The Republic, c.2016-17
Dismayed by the unsettling dialogue engulfing the American presidential election of 2016, I set out to investigate a country built in the most beautiful language and lofty visions. My interest was to explore the ideals, architecture, expression and idolatry of significant figures in our history - the ambitious goals of our founders versus the harsh contradictions of slavery, slaughter of indigenous people and profiteering land grabs. I thought a lot about the elegance of thought and speech and debate, which furthered the country’s laws and protections for lands and citizenry.
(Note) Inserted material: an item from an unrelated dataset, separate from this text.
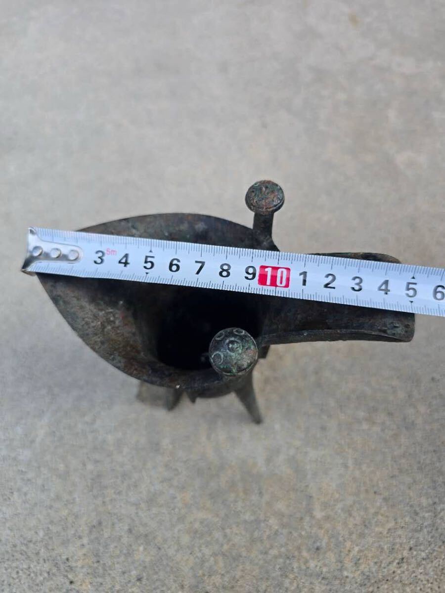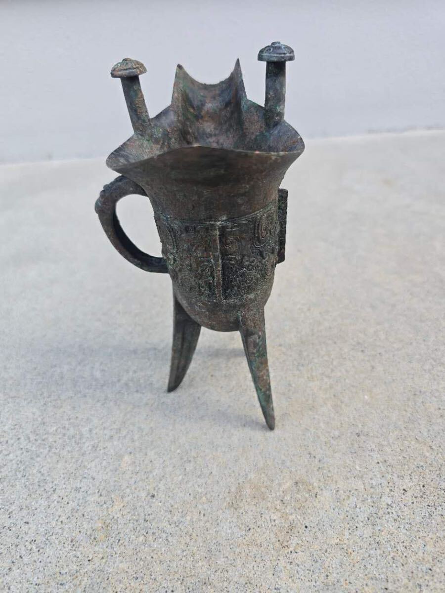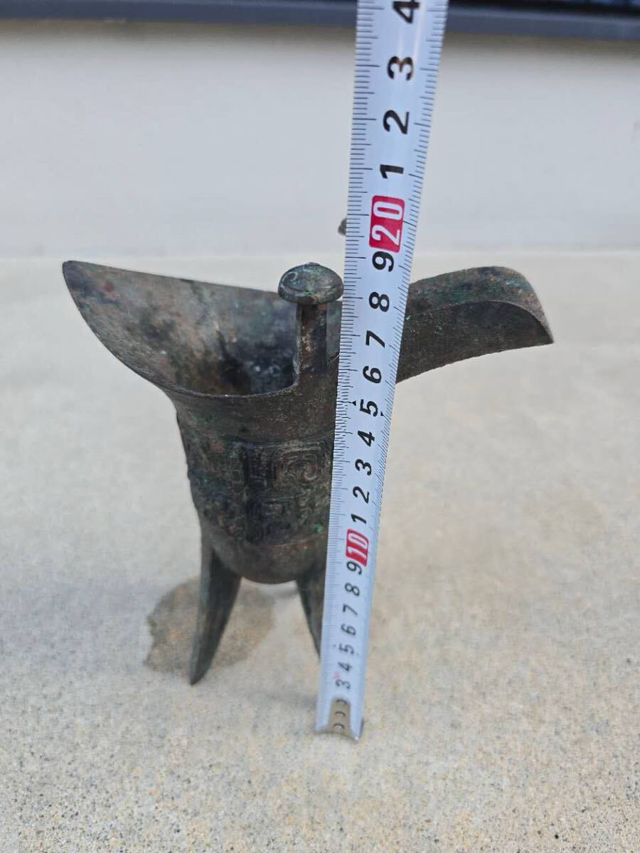中国古玩 青銅 爵杯 三足爵 時代物 コレクター収蔵品 高さ約19cm

I thought a lot about the caustic knee-jerk, childish rhetoric and gang-bang mentality sweeping through conservative America. I didn’t expect by year’s end to be dealing with fascism and a thuggish plutocracy, aided and abetted by foreign intervention.
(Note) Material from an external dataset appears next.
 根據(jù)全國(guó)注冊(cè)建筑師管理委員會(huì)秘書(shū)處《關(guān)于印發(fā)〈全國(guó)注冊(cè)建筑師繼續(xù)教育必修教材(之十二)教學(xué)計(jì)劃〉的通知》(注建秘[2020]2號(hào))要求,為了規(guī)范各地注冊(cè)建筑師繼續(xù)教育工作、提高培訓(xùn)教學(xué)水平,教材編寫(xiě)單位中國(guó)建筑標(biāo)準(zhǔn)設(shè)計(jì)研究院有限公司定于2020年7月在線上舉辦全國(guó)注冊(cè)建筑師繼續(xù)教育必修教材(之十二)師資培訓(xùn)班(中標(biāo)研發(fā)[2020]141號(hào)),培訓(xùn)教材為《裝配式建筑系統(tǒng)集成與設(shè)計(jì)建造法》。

While seeking to understand the United States, I also needed to understand the role of my own family. Until a few years ago, I was aware only of the agrarian roots of much of my ancestors and late 19th century arrivals from Europe. In exploring the full direct lineage, the trail has led to the earliest colonists; officers in the Revolutionary War; to soldiers in both the Union Army and the Confederacy; to the struggling and the well-heeled; farmers and women who died of influenza and in child birth. When the research led to several of my ancestors who owned slaves, and some who were directly connected to the roots of plantation culture, I felt a shudder of responsibility I hoped to never feel. A lifetime of liberal politics and egalitarian beliefs did not prepare me to hit that wall.
How does one reconcile a heritage built both by the enslaved and the colonists? Patriotism is complex. My country straddles a morality stuck between a progressive future and an extremist past which has catapulted into the present. In creating works for The Republic I wrestle with all of it – a baptism by fire. We can’t get over it. We must go through it.